Monday, January 24, 2011

To bead, or not to bead, that was the question

Take a look at the video clip below, with specific emphasis on the GK (in yellow).

See anything?
How about his hair?

Would you as a referee allow a player to play with those beads in their hair?

How about this?

... and this?

Should these be allowed as well?

My answer for these players, at these levels, is yes. My answer is also yes for players at any level with a bona fide religious belief that requires a head covering or medical condition that requires a bracelet for such.

Should a referee allow a player to have beads in their hair, or for that matter anything ornamental at any other level?

My answer is no, and it is backed up by the LOTG and Ask A Referee here.

So why allow professional and international players to do so?

Keep in mind that at these levels the LOTG will flex as much as the players want to play, and the referee allows. This is after all for the entertainment value of the game itself for those who are watching. As I have said many times here, it is a business, and one that the referees are a part of protecting. Asking Zenga to remove his hat, or Sutter to remove his head covering would put the referee in a bad spot as it would intrude on the "branding" that player is engaging in. Also it would no doubt bring about a poor reaction for the player themselves.

To remedy this in MLS there were specific memos that came from the staff to note that such accoutrements were allowed and the referee will allow them during play. As neither of these were outwardly dangerous it made some sense.

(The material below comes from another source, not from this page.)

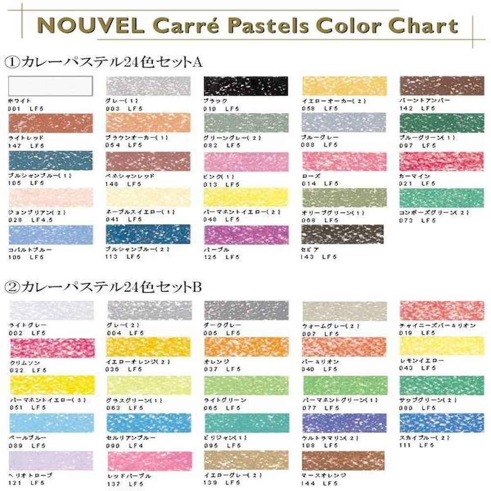 NOUVEL CARRE PASTEL ヌーベルカレーパステル 96色セット紙箱入 NCT-96 コンテの持味にパステルの長所を加えた色彩材料 従来のコンテほど固い感じではなく、パステルのなめらかさやソフトでシックなタッチ・軽やかさを持っています。粒子の細かさ・のびの良さが特徴で、重色・混色がよくきくので技法の広さが得られます。角を使っての線描き、面を使っての面描き等に便利な角型です。

In all cases, a referee must draw the line when an article can put another player into peril. I don't believe that FIFA, MLS, or anyone else would have issues with that. The trick of course is what is "dangerous" varies at different levels. For those upper levels, there has to be real danger as just adornments need not be removed. At any lower levels however, it should all come off.

I agree, its not fair ... and is one of the many ways that the professional and international game sets a very bad example for younger players and referees.